Troy Price, chairman of the Iowa Democratic Party, said Trump won the state in 2016 by promising to increase markets and profits for Iowa farms. “We have seen nothing but the opposite since he’s been in office,” Price said. “We’ve lost the markets that Iowans took decades to develop.”

He said the loss of farm income has led to problems for others that rely on the farmers’ success, such as the 160 workers who were laid off at a John Deere factory in eastern Iowa. “This is having ripple effects across the state,” Price said. “I think the president has a big problem and Republicans have a big problem. ... Donald Trump presented himself as the change candidate. Unfortunately, the changes that he brought have not been good for Iowa.”

David Kochel, a longtime Iowa Republican consultant, has a more sanguine view of Trump’s chances, particularly if Democrats nominate one of their more progressive contenders. “If Warren is the candidate, I think she struggles in a place like Iowa,” he said.
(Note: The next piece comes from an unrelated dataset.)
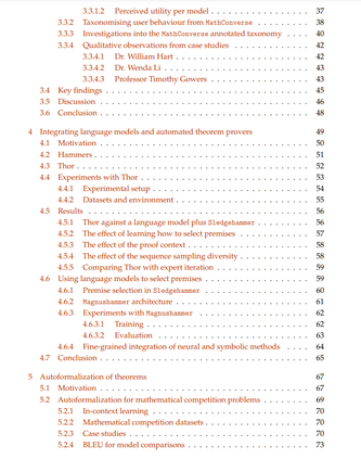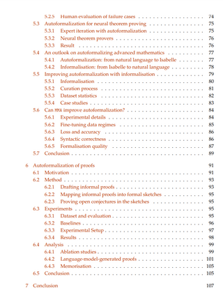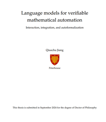 形式化数学推理中的更强自动化提供了可扩展性、可信性和可访问性: 它使得复杂证明的高效验证成为可能,减少了在复杂计算中出错的可能性,允许非专家参与数学概念的探讨,并可能通过机器驱动的探索促进新数学见解的发现。传统上,自动推理器只能使用形式化语言库,无法利用更大规模的自然语言语料库,因为自然语言理解较为困难。尽管已有设计控制自然语言接口与形式语法(例如Naproche),它们最终由于过于僵化,难以广泛应用。另一方面,大型语言模型在语言理解方面表现出色,并且接触到人类历代积累的无数数学文献,这使它们成为理想的自动化工具。现代语言模型已在大量数据上进行了训练,能够执行令人印象深刻的任务数量。语言模型的多功能性使其与传统推理器互补,而传统推理器的僵化性严重限制了它们的广泛应用和易用性。 本论文的目标是回答:如何通过语言模型实现可信的数学推理自动化。 为此,我们提出了一种新的语言模型评估方法,以确定它们在数学推理中的适用场景。基于获得的见解,我们训练语言模型在这些场景下撰写形式化证明,并借助自动定理证明器进行辅助,使用它们将数学定理和证明从LATEX转换为形式化语言。 具体而言:

What’s more, he believes Republicans in the rural areas will stick with Trump, despite their personal misfortunes, because of the increasingly partisan divide between Iowa cities and the rest of the state.

“The trend in rural counties is that they’re continuing to go even further red,” Kochel said, adding that Trump’s lower approval ratings do not necessarily mean he will lose. “Trump can win when he’s upside down. He proved it in 2016 and he can do it again in 2020.”